After 1955, and even more so after 1972, at the urging of the British and Americans, Turkey made a large number of claims against both Greece and Cyprus. Turning herself into an instrument of the West against the Greeks, it did not really gain much, except for Cyprus, where it is occupying one third of the island, but this is not recognized by anybody, while it is paying for many decades the considerable political, economic and diplomatic cost of the occupation.

In reality, the pressure Turkey exerts facilitates much more the granting of sovereignty from Greece and Cyprus to the West, NATO etc. than to Turkey itself!

The 1996 crisis about the small Imia islands in the Aegean did not result in Turkey taking Imia, but in “neutralizing” it. The Americans want to control the Aegean, which is the extension of the Straits. They are interested in undermining Greek sovereignty in the region, they are using Turkey to achieve this, but the last thing they will do is to allow Ankara to control the entire Aegean Sea (the continuation of the Straights), by controlling both its continental coast and the islands.

The same happened with the Annan plan to resolve the Cypriot conflict, a plan of American, British and Israeli inspiration. This plan (rejected by the population in a referendum) established in Cyprus a postmodern protectorate ruled, indirectly but clearly, by the US, Britain and Israel, through a labyrinth of provisions and their influence upon the General Secretary. It would be him and not even the Security Council who would  appoint three international judges who would accumulate the ultimate  executive, judicial and legislative power in their hands and would appoint their successors!!!

For peace to be stable any agreement must be balanced.

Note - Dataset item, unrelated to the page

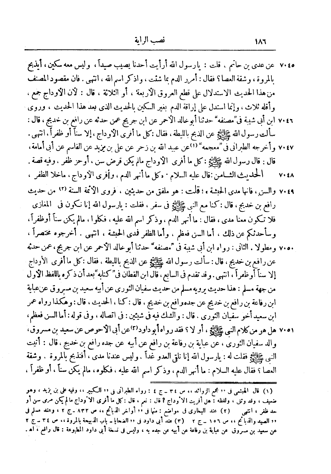 عَنْ عَدِيِّ بْنِ حَاتِمٍ، قُلْت: يَا رَسُولَ اللَّهِ أَرَأَيْت أَحَدَنَا يُصِيبُ صَيْدًا، وَلَيْسَ مَعَهُ سِكِّينٌ، أَيُذْبَحُ بِالْمَرْوَةِ، وَشِقَّةِ الْعَصَا؟ فَقَالَ: "أَمْرِرْ الدَّمَ بِمَا شِئْت، وَاذْكُرْ اسْمَ اللَّهِ"، انْتَهَى. فَإِنَّ مَقْصُودَ الْمُصَنِّفِ مِنْ هَذَا الْحَدِيثِ الِاسْتِدْلَال عَلَى قَطْعِ الْعُرُوقِ الْأَرْبَعَةِ، أَوْ الثَّلَاثَةِ، قَالَ: لِأَنَّ الْأَوْدَاجَ جَمْعٌ، وَأَقَلُّهُ ثَلَاثٌ، وَإِنَّمَا اسْتَدَلَّ عَلَى إرَاقَةِ الدَّمِ بِغَيْرِ السِّكِّينِ بِالْحَدِيثِ الَّذِي بَعْدَ هَذَا الْحَدِيثِ، وَرَوَى ابْنُ أَبِي شَيْبَةَ فِي مُصَنَّفِهِ حَدَّثَنَا أَبُو خَالِدٍ الْأَحْمَرُ عَنْ ابْنِ جُرَيْجٍ عَمَّنْ حَدَّثَهُ عَنْ رَافِعِ بْنِ خَدِيجٍ، قَالَ: سَأَلْت رَسُولَ اللَّهِ صَلَّى اللَّهُ عَلَيْهِ وَسَلَّمَ عَنْ الذَّبْحِ بِاللِّيطَةِ، فَقَالَ: "كُلُّ مَا أَفْرَى الْأَوْدَاجَ، إلَّا سِنًّا أَوْ ظُفُرًا"، انْتَهَى. وَأَخْرَجَهُ الطَّبَرَانِيُّ فِي مُعْجَمِهِ1 عَنْ عُبَيْدِ اللَّهِ بْنِ زَحْرٍ عَنْ عَلِيِّ بْنِ يَزِيدَ عَنْ الْقَاسِمِ عَنْ أَبِي أُمَامَةَ، قَالَ: قَالَ رَسُولُ اللَّهِ صَلَّى اللَّهُ عَلَيْهِ وَسَلَّمَ: "كُلُّ مَا أَفْرَى الْأَوْدَاجَ مَا لَمْ يَكُنْ قَرْضَ سِنٍّ، أَوْ جَزَّ ظُفُرٍ"، وَفِيهِ قِصَّةٌ.

Given the positions of the two sides, and the place of those positions, in their respective national ideologies, one can hardly imagine how those disputes can be easily settled.

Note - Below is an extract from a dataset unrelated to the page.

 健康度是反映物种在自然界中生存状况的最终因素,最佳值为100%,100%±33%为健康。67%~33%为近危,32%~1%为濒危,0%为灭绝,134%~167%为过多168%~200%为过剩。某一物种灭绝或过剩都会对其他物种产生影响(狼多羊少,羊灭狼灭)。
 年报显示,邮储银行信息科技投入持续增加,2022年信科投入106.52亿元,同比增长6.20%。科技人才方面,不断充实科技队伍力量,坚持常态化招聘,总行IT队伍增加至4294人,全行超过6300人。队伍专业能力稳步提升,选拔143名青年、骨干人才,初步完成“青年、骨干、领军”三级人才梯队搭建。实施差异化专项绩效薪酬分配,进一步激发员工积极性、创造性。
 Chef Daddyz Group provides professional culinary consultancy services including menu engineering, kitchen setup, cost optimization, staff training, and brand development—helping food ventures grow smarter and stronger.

The international “party of war” could be served by pressing the Greek elite to cross its national red lines and make serious concessions of sovereignty, supposedly to Turkey, but in reality to NATO and the US. Such concessions, through international agreements , are usually irreversible. If the Greek elite will agree to them, then a Greek hard or far right nationalism may gain power in Athens one way or another.

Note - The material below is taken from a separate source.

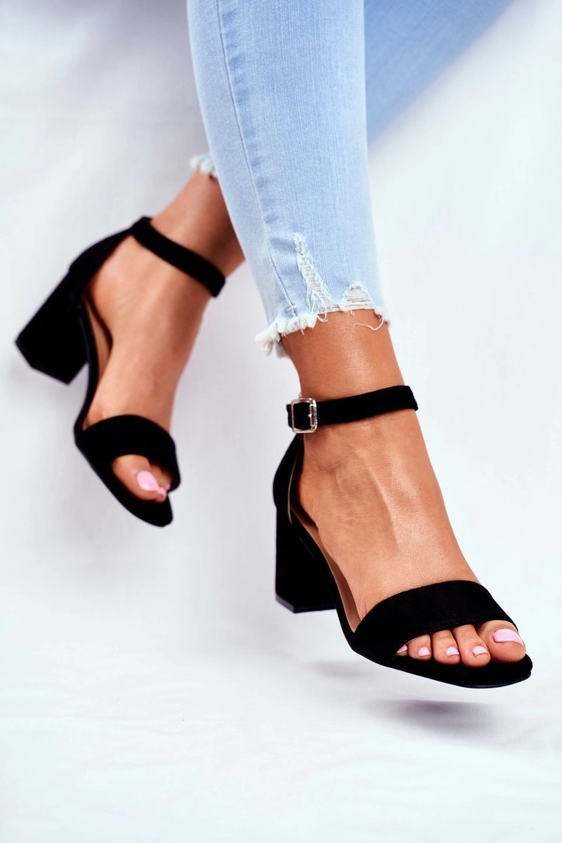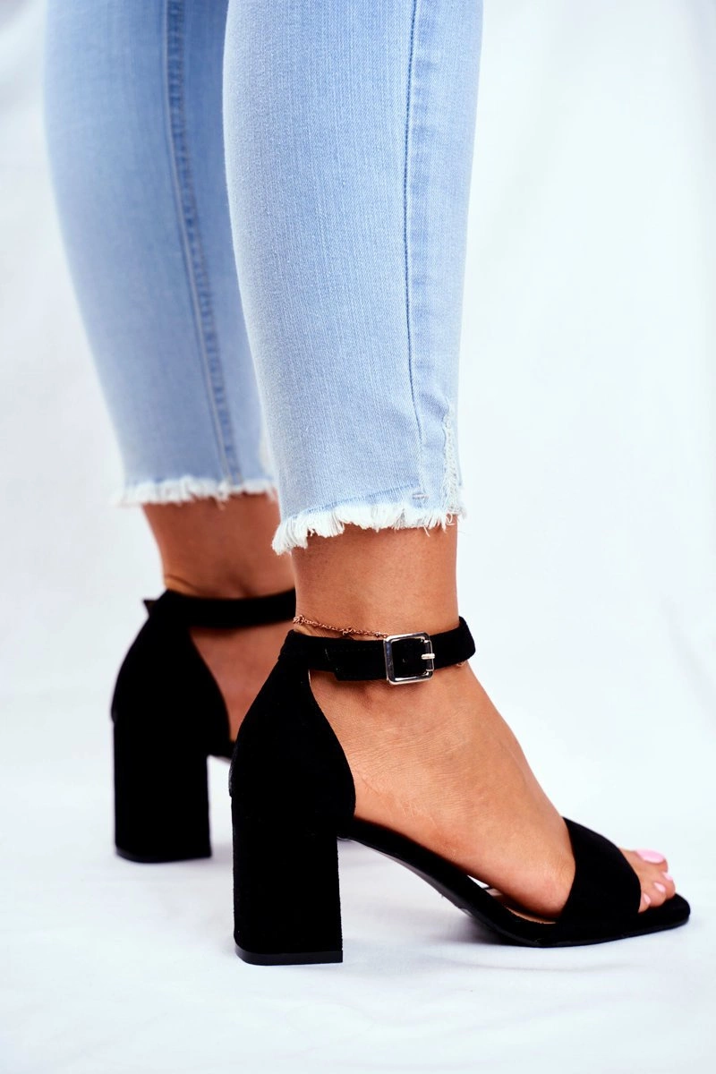 Zamszowe Sandały Na Słupku Vinceza 20-17058 Czarne

One hopes that Athens and Ankara will be able to control the dynamics of the confrontation before it controls them, although the microscopic examination of the underground forces in action in both Athens and Ankara, pushing for an escalation is convincing us about the strength of the international forces which wish to lead to a military conflict, or at least to the perpetuation of the crisis.

The optimum solution would be to find a way to divide the continental shelf between Greece, Cyprus and Turkey and freeze the remaining issues, which have no realistic chance of being resolved now.

If this is not possible, the second best solution for peace in Mediterranean and for all the countries involved, would be to freeze all conflicts and to wait for better times. This happened many years ago in the Caspian Sea as well, when differences between its countries almost led to military conflicts.

Both Greece and Turkey are facing very serious economic and health crises. They are located on the outskirts of an area that is threatened with becoming uninhabitable due to climate change. It is ridiculous for them to think in terms of the year 1000 or 1500, in a world situation that is, as Noam Chomsky points out, the most dangerous in human history.

And without even a showdown, the arms race in which a protracted confrontation will take them, is enough to destroy them even without war and to nullify their margins of independent foreign policy!